I do not know who was the first person, Indian or European,
that used this analogy with the European Renaissance, which was brought
on by the breakdown of the feudal order and the rise of city states
and monarchy, the revival of Graeco-Latin learning, the exploratory
sea voyages to the East and to the Western hemisphere, and the rise
of mercantilism and which was followed by the Protestant Reformation
and the Scientific Revolution (associated with the names of Descrates,
Bacon, Kepler, and Galileo). Some
historians placed Indian Renaissance in the 16th century
associating it with the emergence of the Mughal Empire, the Bhakti
and Sufi movements (Hindu and Muslim Protestantism as it were), and
the coming of the European traders and soldiers to the Indian shores.
Other historians, recognizing that the social and the cultural and
the ideological upheaval was almost wholly a result of the coming
of the British rule, its liberal reforms, its Christian evangelists,
and of course its economic exploitation. For them the Indian Renaissance was spread
over a century, 1820-1920 to be precise.
There are clearly vital differences between Europe coming to
the Modern Age, an inner process, and the Modern Age coming to the
South Asian sub-continent, an externally originating process. With
Europe the shift from the Medieval ethos to the Modern ethos was a
shift from a feudal to a mercantile social order, from a Church-dominated
cultural order to a history-oriented cultural order, from an Other-directed
personality (where the expression ‘the Other’ is to be taken in its
widest sense) to a personality directed by a search for a new order.

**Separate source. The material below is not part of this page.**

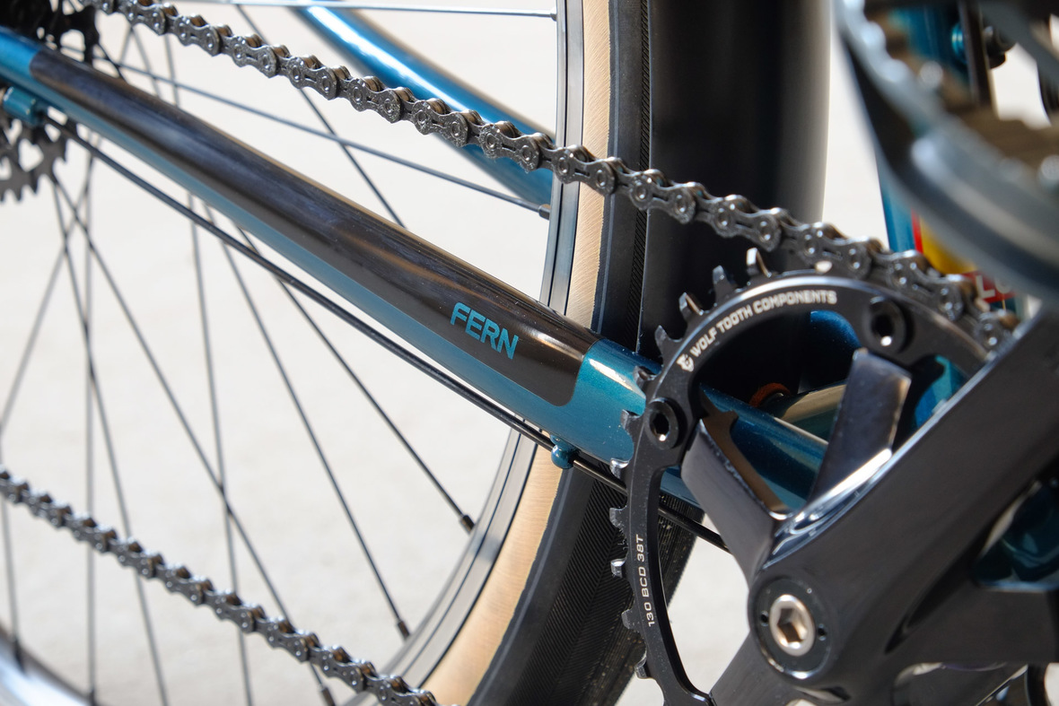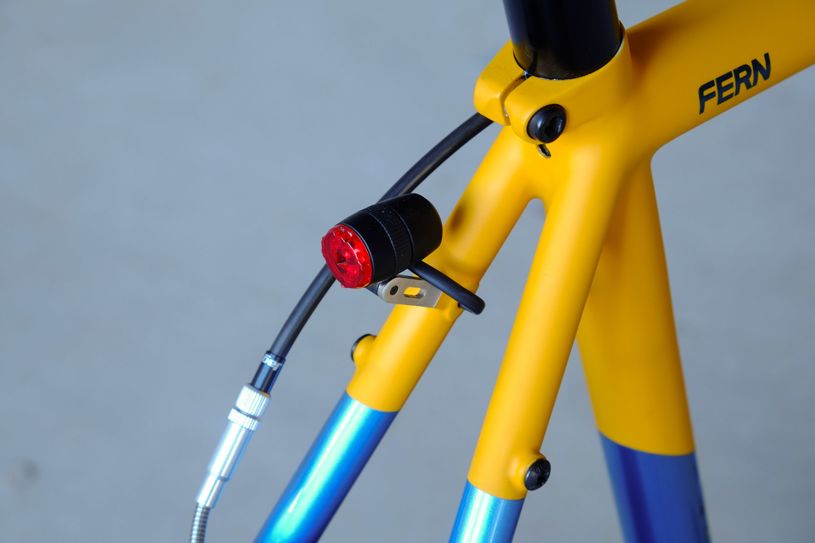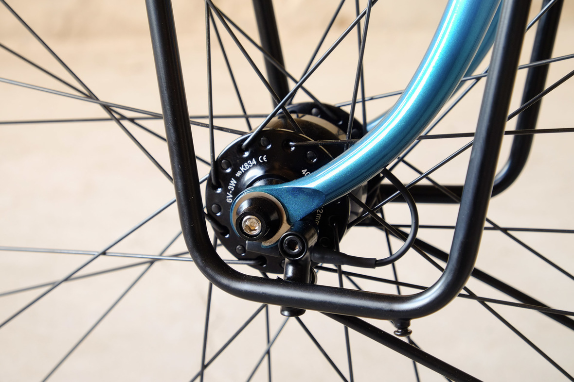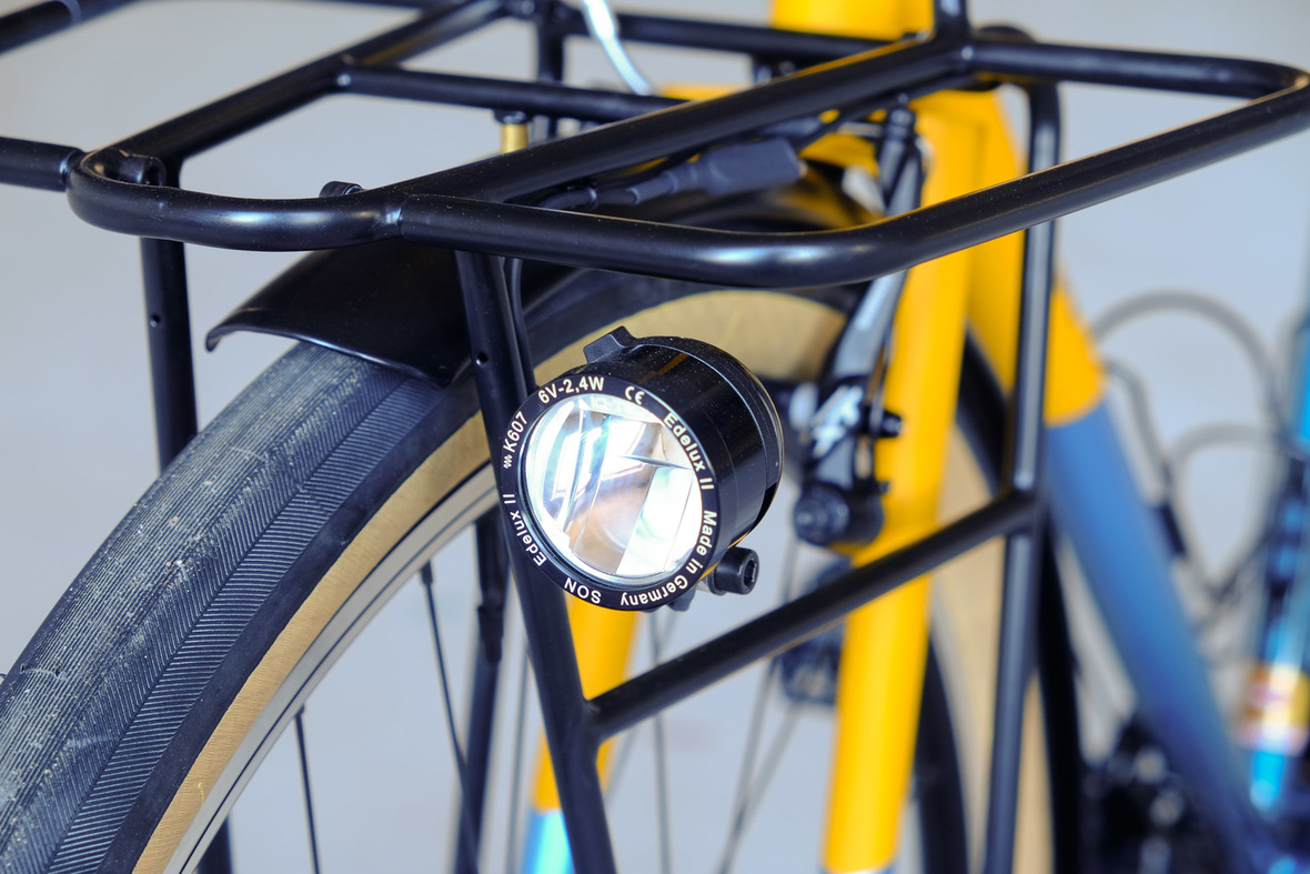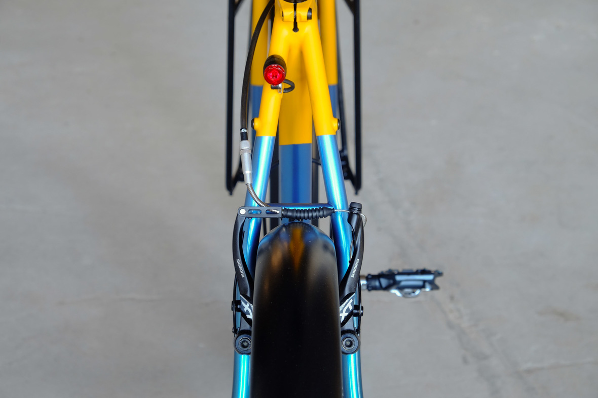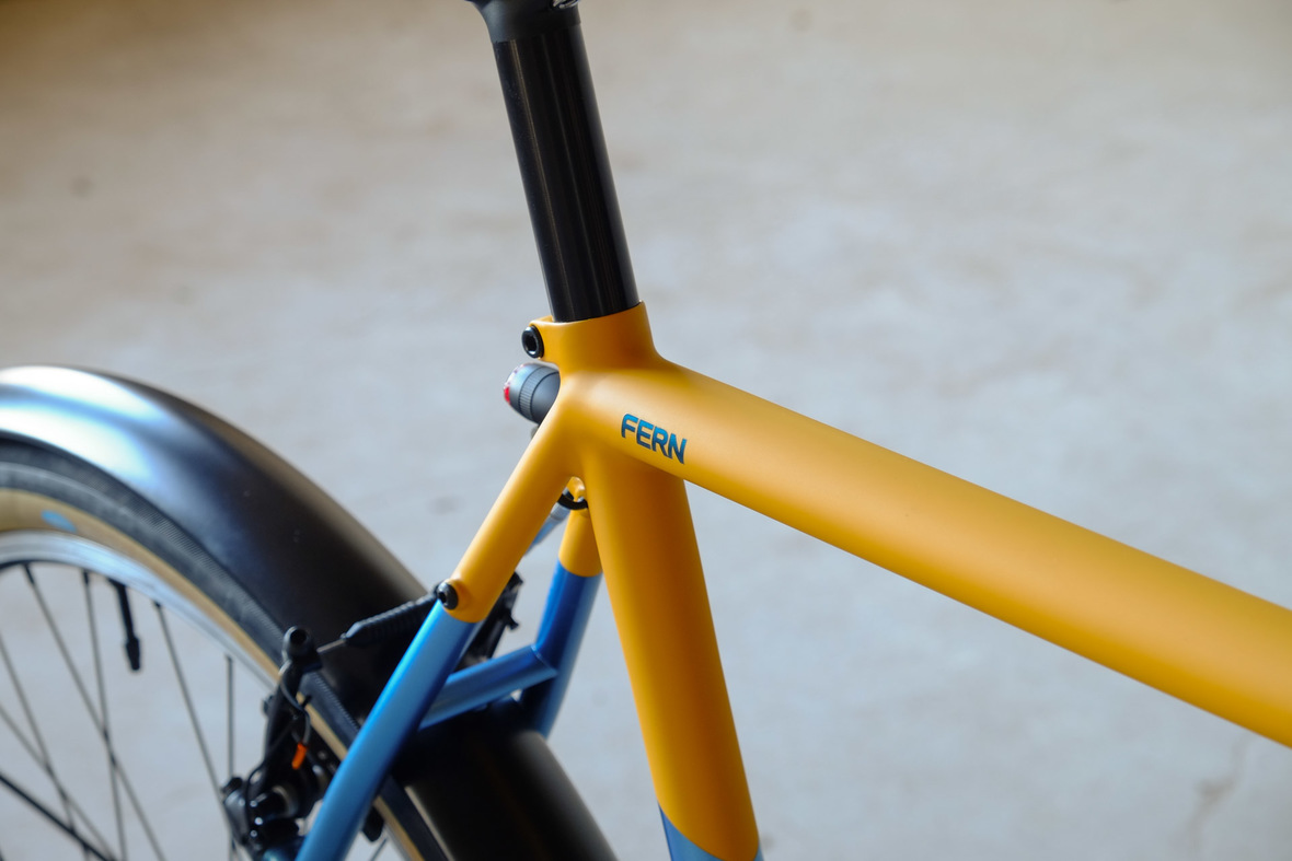 The brand new Chico+ is the newest addition to our line up of custom bikes, featuring a classic style randonneur geometry pimped up with the 650B 48mm Rene Herse Switchbackhill extralight tires, for maximum speed and absolutely superior comfort on any kind of terrain. No matter if you go for serious brevet riding on asphalt or for fun gravelriding off the road, you will always have the right bike for it. The bike is equipped with a Gevenalle powered 1x11 Shimano drivetrain turned by a Wolftooth chainring mounted to a vintage custom anodized Dura Ace 7400 crankset. Fenders made by our friends at Cycles Berthoud , super comfy contact points by Brooks and ESI. Lights and power supply by SON, Schmidt's Original Nabendynamo. Stems and racks are all made by Fern. Awesome matte/glossy paintsheme by our man Robert from Velociao .

Hamlet’s doubts about getting on with the simple filial duty
of revenge, doubts which didn’t prevent vigorous action on his part,
are as good a symbol of the Renaissance man as any. What do we find when we turn to the resurgence
of a prostrate India in the 19th century? Two vivid images come to mind – one image from
Tilak’s famous obituary of Ranade – who is credited by Tilak with
infusing life into the cold flesh of the body social – and the other
image from Tagore’s celebrated ode evoking the heaven into which he
would see his country awake some day.
The Indian resurgence seeks to catch up with four centuries
of European history down to the French Revolution and the Industrial Revolution. The values that
European modernity espoused touched upon –
(i)
the relation between man and the universe (rationality in understanding
it and utilitarianism in changing it),
(ii)
the relation between man and man (egalitarianism at home and nationalism
to the rest of the world), and
(iii)
the relation between man and self (individualism and secularism in
relation to the Other).
The European Renaissance introduced secularism, individualism,
and nationalism; the European Enlightenment introduced egalitarianism,
utilitarianism, and rationalism.
The Indian awakening partook a little of both and equaled neither
in depth or scope. To begin with, it is not segmented but fragmented
– by religion (for example, the Muslims were only partially drawn
into it, social reform and emancipation of women were very much removed
indeed from their thoughts), by classes aligned by caste and community
(for example, the scholars and professionals were only imperfectly
in touch with the new merchants like Jagannath Sankarsett and the
new merchant industrialists like Jamshedji Tata and with the peasant
discontent), and by region (for example, in spite of being one of
three presidency towns of the East India rule and in spite of being
the seat of one of the three oldest universities, Madras did not figure
as a ‘renaissance’ centre along with Bombay and Calcutta) Next, the
India resurgence is not all-pervasive in the way the European Renaissance
was – thus, it is significant that Marx didn’t reach the Indian intellectuals
till the beginning of the 20th century, that the critique
of religion among the Hindus was not followed by the emergence of
new philosophical thought, that one meets with personalities uneasily
hovering between orthodoxy and reform all through this period.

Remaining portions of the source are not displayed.